The range of assets for which active markets (defined in this way) was a narrow one, and the majority of market transactions did not take place in active markets in this sense. Identification of markets and transactions

But even with the broader definition, much of the economic process takes place within firms rather than through market transactions. To the extent that this is the case, there are many assets that one would not expect to be traded in the form and condition in which they exist at the date of a company’s balance sheet.

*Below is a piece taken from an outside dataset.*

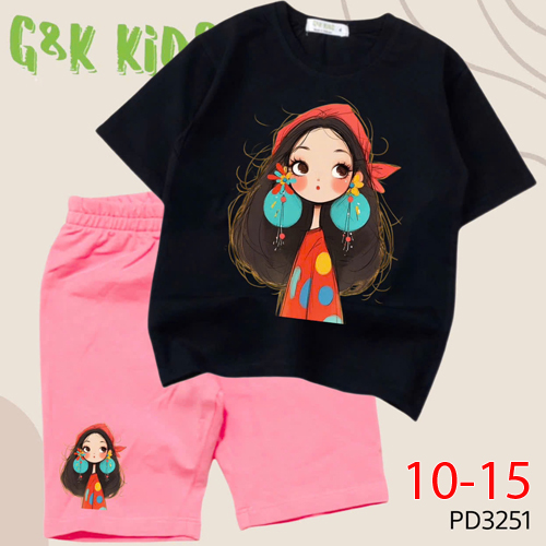 A504776 - Bộ áo phom rộng quần ngố bé gái thun coton 4c in cô bé đội khăn đỏ_Size 10-15

For example, a manufacturing business buys in a number of different items – raw materials, part-manufactured goods, labor services, and so on – and sells them on in a transformed condition when the manufacturing process has been completed. Between these two points, there are no market transactions and markets would not be expected to exist for partially transformed inputs (unless other manufacturers buy or sell at alternative stages of the production cycle). Part-manufactured goods and part-used fixed assets that are not normally sold can be sold, but their value will not be constantly evidenced by market quotes and transactions. Identification of markets and transactions

Further, where items held for business purposes that are not normally sold are sold, the value they realise is liable to be significantly lower than either what they cost in the first place or their value to the business.Identification of markets and transactions

The reason for this is again that economic processes take place to a large extent within firms, and assets that have entered an in-firm process are typically, to a significant degree, particular to that business. They are of limited use (and therefore limited value) to other parties, unless those parties buy the business.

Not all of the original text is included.